Below this line is a listing that includes pictures. Copy exactly, and only, the lines from the one containing "這部分包含許多腳本例子說明吉" through the one containing "65. Основные службы"; the pictures do not go in the copy.
### SOURCE INFORMATION
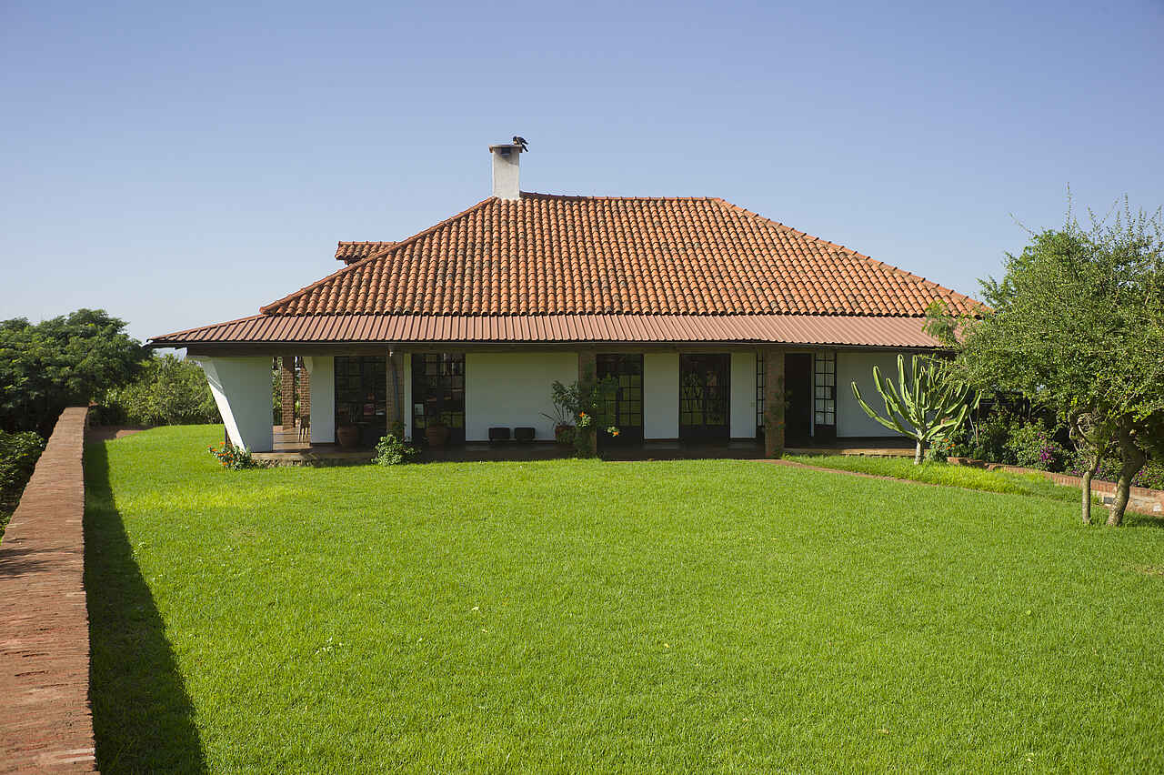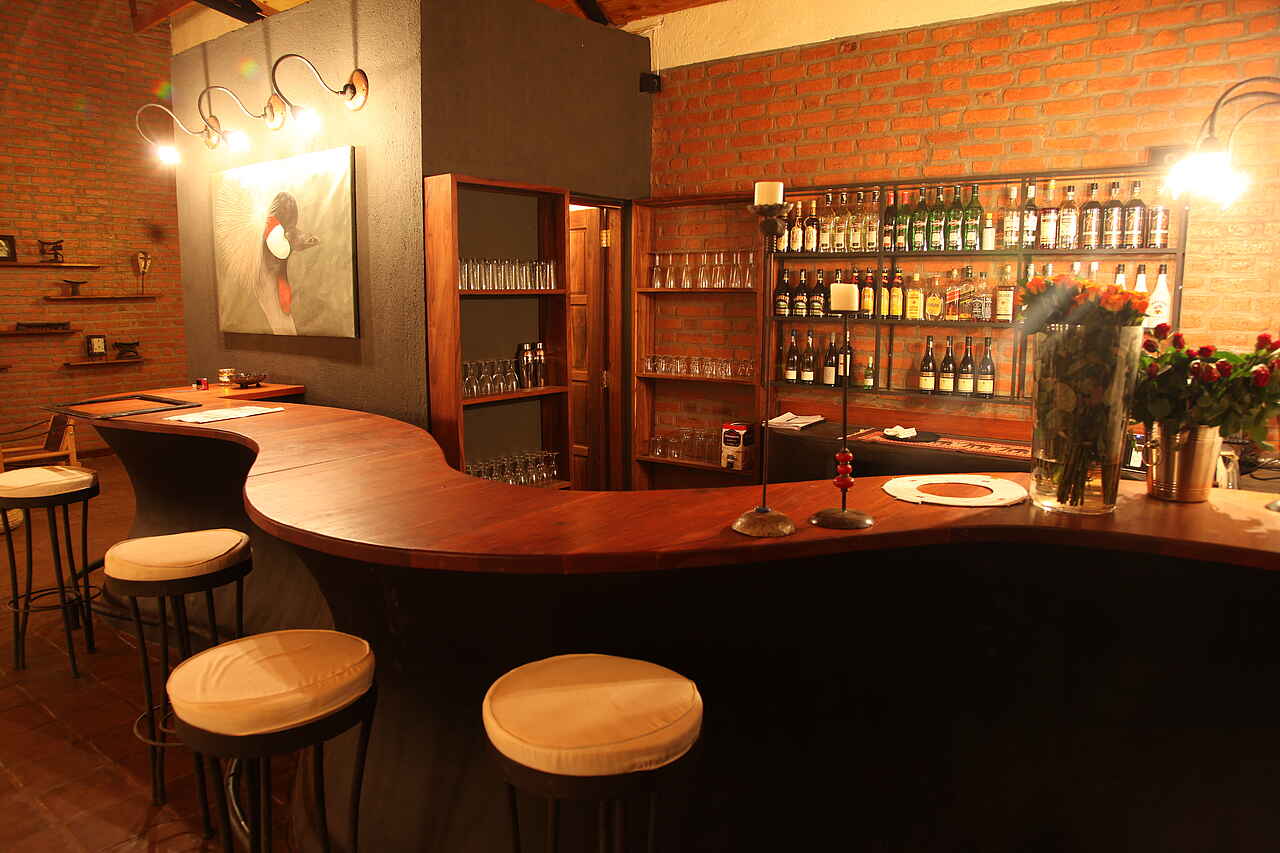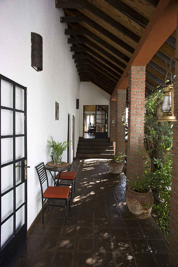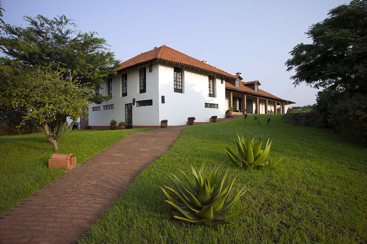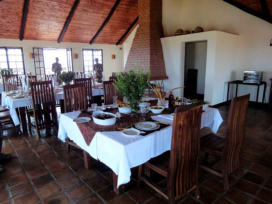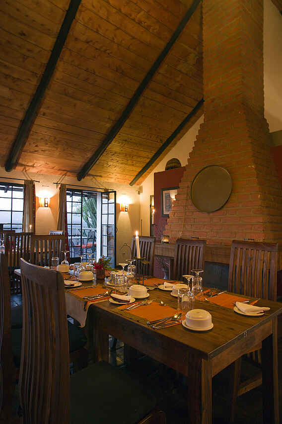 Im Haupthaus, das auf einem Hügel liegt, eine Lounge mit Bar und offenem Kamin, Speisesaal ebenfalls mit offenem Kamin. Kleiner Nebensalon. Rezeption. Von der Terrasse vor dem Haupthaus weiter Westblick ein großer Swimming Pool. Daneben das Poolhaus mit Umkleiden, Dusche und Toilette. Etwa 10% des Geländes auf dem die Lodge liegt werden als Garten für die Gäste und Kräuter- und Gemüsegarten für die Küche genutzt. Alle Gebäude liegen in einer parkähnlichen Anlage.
######
### SOURCE INFORMATION
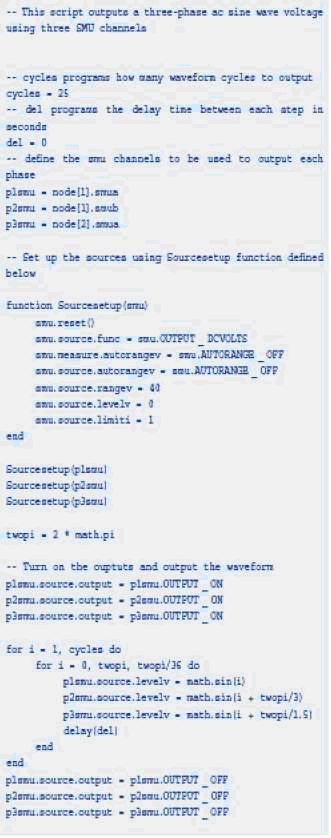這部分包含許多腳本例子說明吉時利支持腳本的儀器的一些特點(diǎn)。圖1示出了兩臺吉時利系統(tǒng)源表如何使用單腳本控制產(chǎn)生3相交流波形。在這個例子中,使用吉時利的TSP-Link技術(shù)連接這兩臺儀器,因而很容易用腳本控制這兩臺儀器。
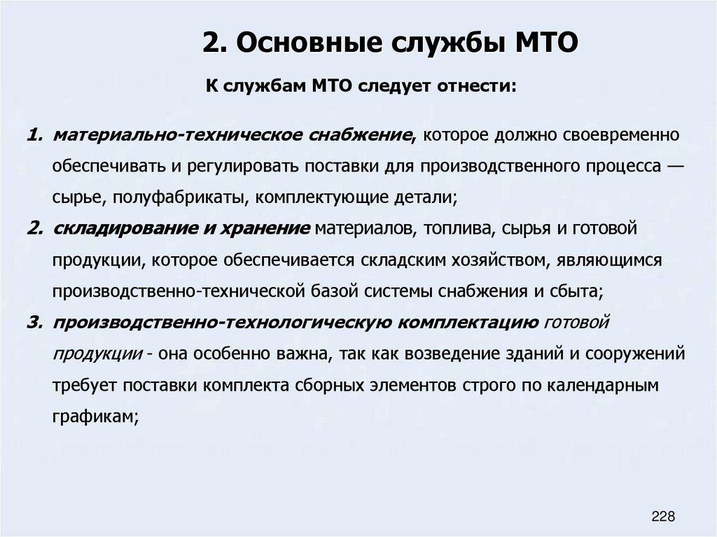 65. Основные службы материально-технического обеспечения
######
**EXERCISE RESULT**.
這部分包含許多腳本例子說明吉時利支持腳本的儀器的一些特點(diǎn)。圖1示出了兩臺吉時利系統(tǒng)源表如何使用單腳本控制產(chǎn)生3相交流波形。在這個例子中,使用吉時利的TSP-Link技術(shù)連接這兩臺儀器,因而很容易用腳本控制這兩臺儀器。
 65. Основные службы материально-технического обеспечения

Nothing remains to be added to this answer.